There comes a point in our lives, however, when our ability to do anything and to be anyone comes to pass. It’s difficult to say when that point is, and obviously with every door that we close on possible future careers, we open hundreds more with our commitment to a set route. When I chose to take no science subjects at A-level, I firmly closed the doors on medicine (and my misinformed dreams of marine biology), but opened up a world of opportunities to careers in the arts.
But at the age of 21, just four months after graduating, I already feel like my choices are incredibly narrowed. I’m a creative person and have a passion for advertising, for branding and for communications in general. In my ideal job I’d get to write and be a little bit creative every day. I have varied experience in all sorts of jobs; from writing yoghurt campaigns to tracking down financial criminals, as well as the more standard office and admin work along the way.
You’d think that this wide range of experience would make me an ideal candidate for any of the entry level marketing/design jobs I’ve applied for so far, and yet after several interviews I always hear that I’m a lovely girl, but just too creative for the job. Apparently creativity doesn’t work when you’re supposed to be doing admin day-to-day; I guess nobody wants a spreadsheet with panache. But do companies really need to employ the same old person to file, copy, print, repeat? Maybe employers are under-estimating the passion and commitment that today’s graduates have to break into their desired field, and can bring to any level of a business. We are well aware that we’ll have to start at the bottom, but are committed to making the most out of our opportunities to ultimately get to where we want to be.
All this raises an interesting issue. As a recent graduate, I’ve tried to make myself as employable as possible and am looking for an entry-level position to get into a company and progress.
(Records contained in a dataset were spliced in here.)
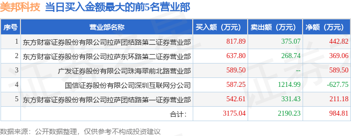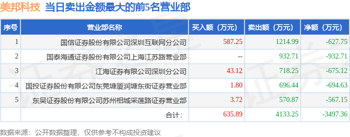 证券之星消息,沪深交易所2026年1月21日公布的交易公开信息显示,美邦科技(920471)因当日换手率达到20%的前5只股票登上龙虎榜。此次是近5个交易日内第2次上榜。
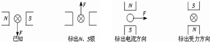 如圖,表示導(dǎo)線垂直紙面且電流方向向里;表示導(dǎo)線垂直紙面且電流方向向外,請(qǐng)按要求作圖.
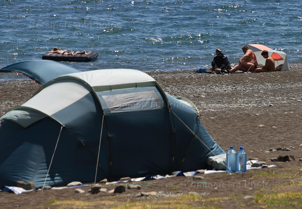 Жанровая фотография. Отдыхающие на территории необорудованных пляжах на Черном море. Палаточный городок на берегу.
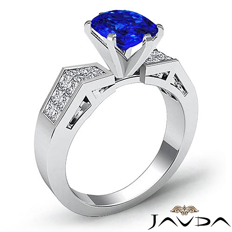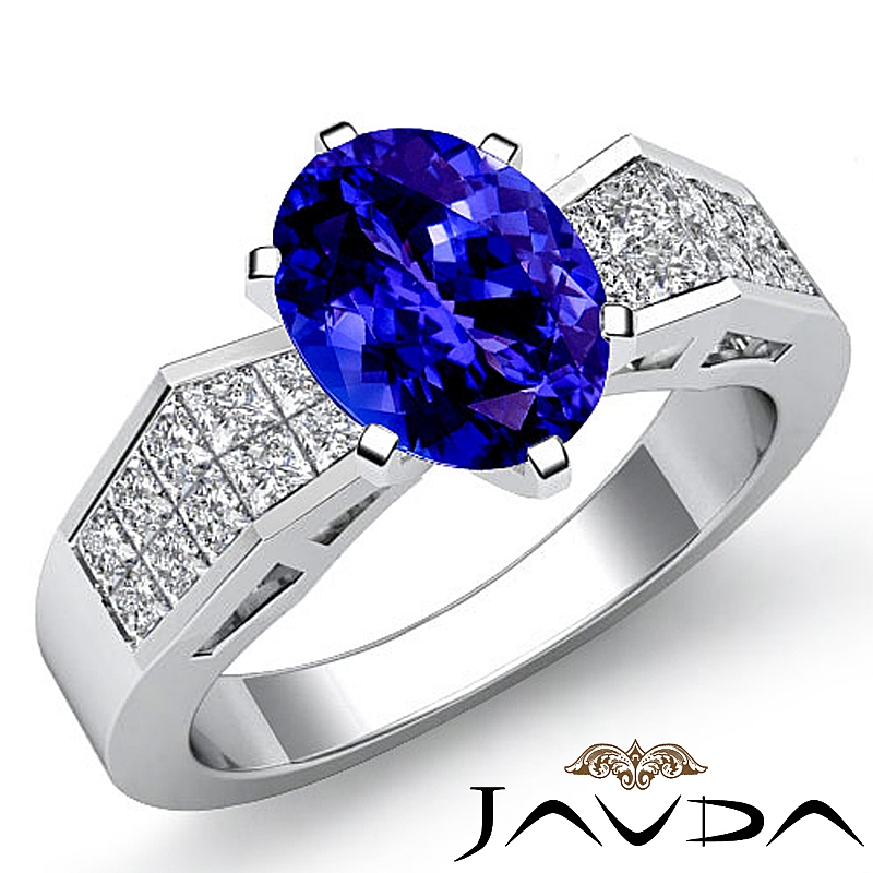 Invisible Classic Side Stone style Engagement Ring, center is Oval shape D Block Tanzanite Report by , Color & clarity, Made in 14k White Gold (1.68 ct. tw.)
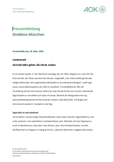 AOK-Pressemitteilung: Sommerzeit – Zeitumstellung
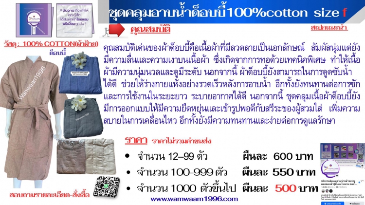 ได้ดี ช่วยให้ร่างกายแห้งอย่างรวดเร็วหลังการอาบน้ำ อีกทั้งยังทนทานต่อการซักและการใช้งานในระยะยาว ระบายอากาศได้ดี นอกจากนี้ ชุดคลุมเนื้อผ้าด็อบบี้ยังมีการออกแบบให้มีความยืดหยุ่นและเข้ารูปพอดีกับสรีระของผู้สวมใส่ เพิ่มความสบายในการเคลื่อนไหว อีกทั้งยังมีความทนทานและง่ายต่อการดูแลรักษา
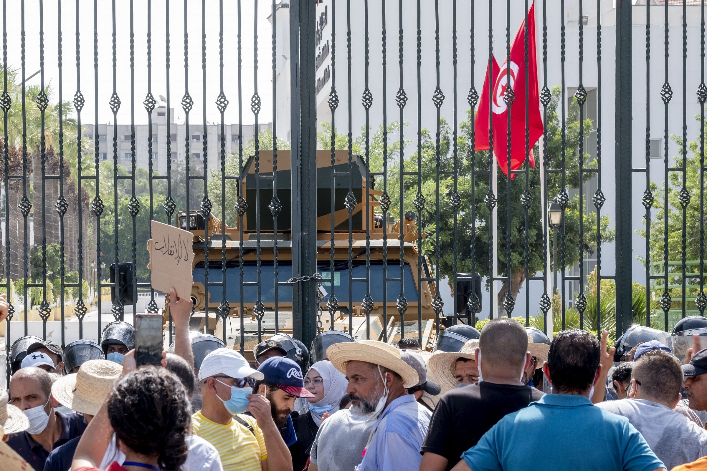 في شهر يوليو/تموز 2021، استعان الرئيس التونسي قيس سعيد بالجيش التونسي من أجل منع أعضاء مجلس النواب المنحل من دخول مبنى البرلمان، بعد قرارات الرئيس الاستثنائية بإقالة الحكومة وحل البرلمان والمجلس الأعلى للقضاء، في إجراءات لقيت انتقادات داخلية وخارجية للرئيس التونسي.
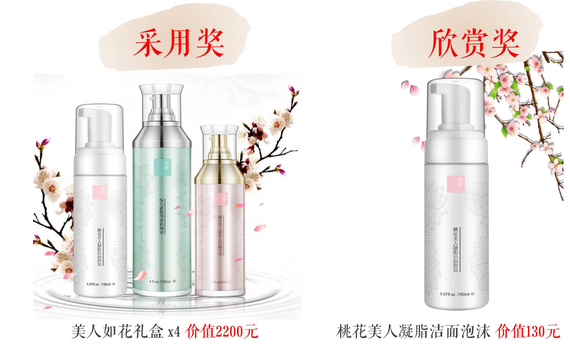 奖品1:【采用奖】获赠珀颜一年的桃花系列护肤品,每季度寄出1套美人如花礼盒(桃花美人凝脂洁面泡沫+桃花美人凝脂玉容精华乳+东方素肌净透养颜水),共送出4套,总价值:2200元。可换等值产品。奖品见下图。
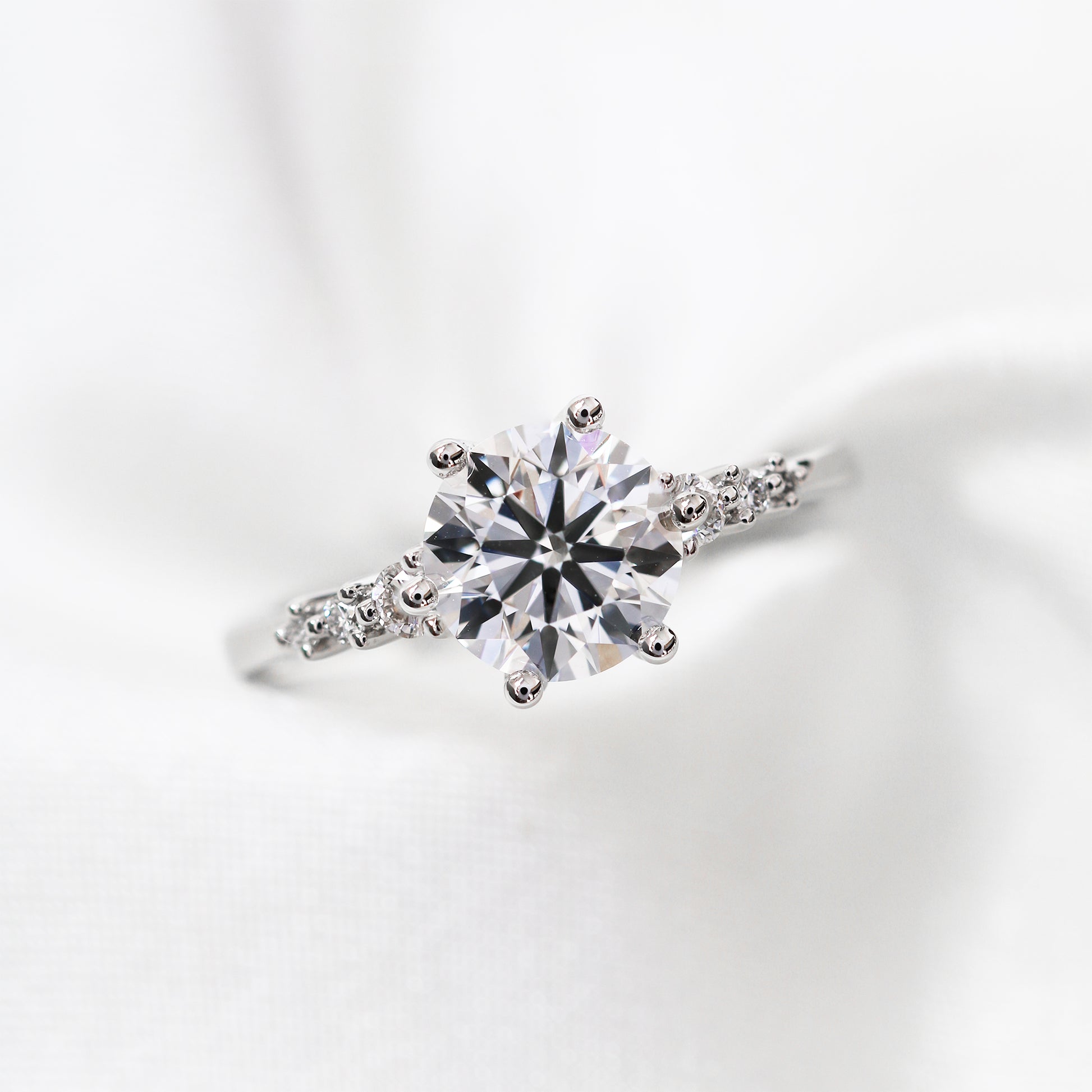 Create unforgettable moments with our exquisite 6-prong diamond ring, a classic and minimalist ring designed to celebrate your unique love story. The side view of the ring showcases initials of the couple, symbolizing them being tied together in love and commitment.

Yes, I have experience as a creative but that’s not all I’ve done, it’s not all I do, and I’m not even sure it’s all I want to do. I still feel very young, know that I have a lot to learn, and just want an opportunity to develop all my skills. What if I want to work as a project manager? A magazine journalist? A book critic? I have an excellent English degree and experience that makes me suitable for all these jobs – does my passion for advertising and my creativity mean I am any less capable of doing them?
So – can you really be anything? The job market today seems to think that you can’t. I’m determined to prove them wrong. Marine biology, here I come.
Just kidding. But arts, media, design, advertising, branding, marketing, PR, magazine and literary world – look out!